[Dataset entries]
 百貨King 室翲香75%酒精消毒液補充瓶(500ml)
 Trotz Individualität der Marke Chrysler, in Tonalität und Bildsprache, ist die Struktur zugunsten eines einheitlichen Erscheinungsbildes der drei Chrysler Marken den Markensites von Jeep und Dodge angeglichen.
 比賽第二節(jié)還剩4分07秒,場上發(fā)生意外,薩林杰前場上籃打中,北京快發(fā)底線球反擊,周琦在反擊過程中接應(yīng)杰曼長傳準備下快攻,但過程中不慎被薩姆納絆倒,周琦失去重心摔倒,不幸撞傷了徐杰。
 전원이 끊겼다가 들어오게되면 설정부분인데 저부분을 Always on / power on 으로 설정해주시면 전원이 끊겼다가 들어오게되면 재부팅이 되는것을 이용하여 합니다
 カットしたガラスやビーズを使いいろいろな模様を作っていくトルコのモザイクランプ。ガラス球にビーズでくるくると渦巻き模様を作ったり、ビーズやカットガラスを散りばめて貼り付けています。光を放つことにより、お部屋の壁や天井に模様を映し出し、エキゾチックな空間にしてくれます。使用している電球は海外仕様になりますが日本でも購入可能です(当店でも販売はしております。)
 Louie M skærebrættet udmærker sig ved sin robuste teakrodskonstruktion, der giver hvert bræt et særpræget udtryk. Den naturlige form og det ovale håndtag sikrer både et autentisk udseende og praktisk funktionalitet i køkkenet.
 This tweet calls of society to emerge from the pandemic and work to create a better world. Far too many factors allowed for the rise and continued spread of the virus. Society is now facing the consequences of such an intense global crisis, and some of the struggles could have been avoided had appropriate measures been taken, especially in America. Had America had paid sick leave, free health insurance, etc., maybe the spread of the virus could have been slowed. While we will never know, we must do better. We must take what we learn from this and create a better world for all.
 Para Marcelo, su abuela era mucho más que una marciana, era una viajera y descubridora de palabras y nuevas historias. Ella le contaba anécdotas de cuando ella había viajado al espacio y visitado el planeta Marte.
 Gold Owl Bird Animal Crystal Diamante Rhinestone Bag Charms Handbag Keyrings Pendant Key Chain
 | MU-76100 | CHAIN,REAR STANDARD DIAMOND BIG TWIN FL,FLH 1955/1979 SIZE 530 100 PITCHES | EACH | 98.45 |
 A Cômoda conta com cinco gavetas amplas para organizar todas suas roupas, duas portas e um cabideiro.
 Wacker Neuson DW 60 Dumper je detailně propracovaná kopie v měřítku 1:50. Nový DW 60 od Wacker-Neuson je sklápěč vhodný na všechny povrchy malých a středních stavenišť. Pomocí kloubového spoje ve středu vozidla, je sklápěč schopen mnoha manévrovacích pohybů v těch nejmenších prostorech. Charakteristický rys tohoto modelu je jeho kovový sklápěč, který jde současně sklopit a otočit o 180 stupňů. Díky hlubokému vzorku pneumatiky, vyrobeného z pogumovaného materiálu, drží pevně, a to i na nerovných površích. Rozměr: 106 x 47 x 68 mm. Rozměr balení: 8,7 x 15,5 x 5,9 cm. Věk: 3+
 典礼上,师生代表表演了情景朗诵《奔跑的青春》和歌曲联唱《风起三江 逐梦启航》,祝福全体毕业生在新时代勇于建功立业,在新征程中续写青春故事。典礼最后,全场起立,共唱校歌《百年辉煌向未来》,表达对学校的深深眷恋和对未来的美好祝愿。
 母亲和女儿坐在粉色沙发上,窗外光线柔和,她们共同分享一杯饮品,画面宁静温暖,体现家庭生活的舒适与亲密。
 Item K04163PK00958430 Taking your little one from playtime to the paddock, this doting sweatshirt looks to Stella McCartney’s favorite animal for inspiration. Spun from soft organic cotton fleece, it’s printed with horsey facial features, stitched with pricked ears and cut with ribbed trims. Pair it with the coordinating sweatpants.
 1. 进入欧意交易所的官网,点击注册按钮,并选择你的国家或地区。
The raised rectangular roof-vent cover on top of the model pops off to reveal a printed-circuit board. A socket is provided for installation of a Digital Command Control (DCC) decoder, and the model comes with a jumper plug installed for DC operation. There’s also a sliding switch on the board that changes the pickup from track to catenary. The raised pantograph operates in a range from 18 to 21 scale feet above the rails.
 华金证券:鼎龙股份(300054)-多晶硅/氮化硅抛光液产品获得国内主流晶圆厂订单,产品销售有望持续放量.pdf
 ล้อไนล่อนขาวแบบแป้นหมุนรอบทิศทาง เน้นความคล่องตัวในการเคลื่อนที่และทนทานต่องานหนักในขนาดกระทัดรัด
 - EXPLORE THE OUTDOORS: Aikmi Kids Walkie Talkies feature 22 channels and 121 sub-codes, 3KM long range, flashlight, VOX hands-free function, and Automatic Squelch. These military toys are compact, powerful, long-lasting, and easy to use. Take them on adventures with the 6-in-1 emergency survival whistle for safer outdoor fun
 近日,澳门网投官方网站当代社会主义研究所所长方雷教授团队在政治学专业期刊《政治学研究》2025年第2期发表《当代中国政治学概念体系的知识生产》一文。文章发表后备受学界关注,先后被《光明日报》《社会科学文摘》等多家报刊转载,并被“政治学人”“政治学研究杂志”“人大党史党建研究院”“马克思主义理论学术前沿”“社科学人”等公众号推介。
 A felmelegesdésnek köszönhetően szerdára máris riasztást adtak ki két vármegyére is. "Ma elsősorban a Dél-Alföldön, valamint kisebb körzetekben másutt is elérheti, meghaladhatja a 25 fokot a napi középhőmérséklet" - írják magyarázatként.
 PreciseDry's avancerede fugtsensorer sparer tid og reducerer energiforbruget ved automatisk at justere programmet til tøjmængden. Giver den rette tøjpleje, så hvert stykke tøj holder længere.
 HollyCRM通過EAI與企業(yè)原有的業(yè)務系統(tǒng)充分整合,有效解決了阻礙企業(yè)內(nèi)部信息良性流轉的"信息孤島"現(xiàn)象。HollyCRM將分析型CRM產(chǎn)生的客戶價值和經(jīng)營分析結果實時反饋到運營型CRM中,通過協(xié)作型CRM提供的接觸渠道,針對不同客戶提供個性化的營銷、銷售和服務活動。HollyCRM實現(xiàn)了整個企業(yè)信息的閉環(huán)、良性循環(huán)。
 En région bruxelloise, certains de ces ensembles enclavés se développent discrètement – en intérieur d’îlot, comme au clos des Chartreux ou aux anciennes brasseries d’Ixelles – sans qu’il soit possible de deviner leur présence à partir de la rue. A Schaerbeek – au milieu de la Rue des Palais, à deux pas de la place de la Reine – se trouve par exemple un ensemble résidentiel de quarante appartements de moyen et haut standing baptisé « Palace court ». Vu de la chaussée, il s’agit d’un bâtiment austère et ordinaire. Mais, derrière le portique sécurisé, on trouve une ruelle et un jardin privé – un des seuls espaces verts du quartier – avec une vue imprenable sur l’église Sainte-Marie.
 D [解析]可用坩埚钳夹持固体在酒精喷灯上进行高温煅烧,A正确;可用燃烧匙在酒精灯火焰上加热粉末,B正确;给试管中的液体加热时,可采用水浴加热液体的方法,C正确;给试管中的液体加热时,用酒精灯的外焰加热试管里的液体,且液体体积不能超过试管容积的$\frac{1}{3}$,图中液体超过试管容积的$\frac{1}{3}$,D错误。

**What to work on:** Please go line by line through the records above, copying each one that holds the string "hvert".

**Result for this exercise:**
 Louie M skærebrættet udmærker sig ved sin robuste teakrodskonstruktion, der giver hvert bræt et særpræget udtryk. Den naturlige form og det ovale håndtag sikrer både et autentisk udseende og praktisk funktionalitet i køkkenet.
 PreciseDry's avancerede fugtsensorer sparer tid og reducerer energiforbruget ved automatisk at justere programmet til tøjmængden. Giver den rette tøjpleje, så hvert stykke tøj holder længere.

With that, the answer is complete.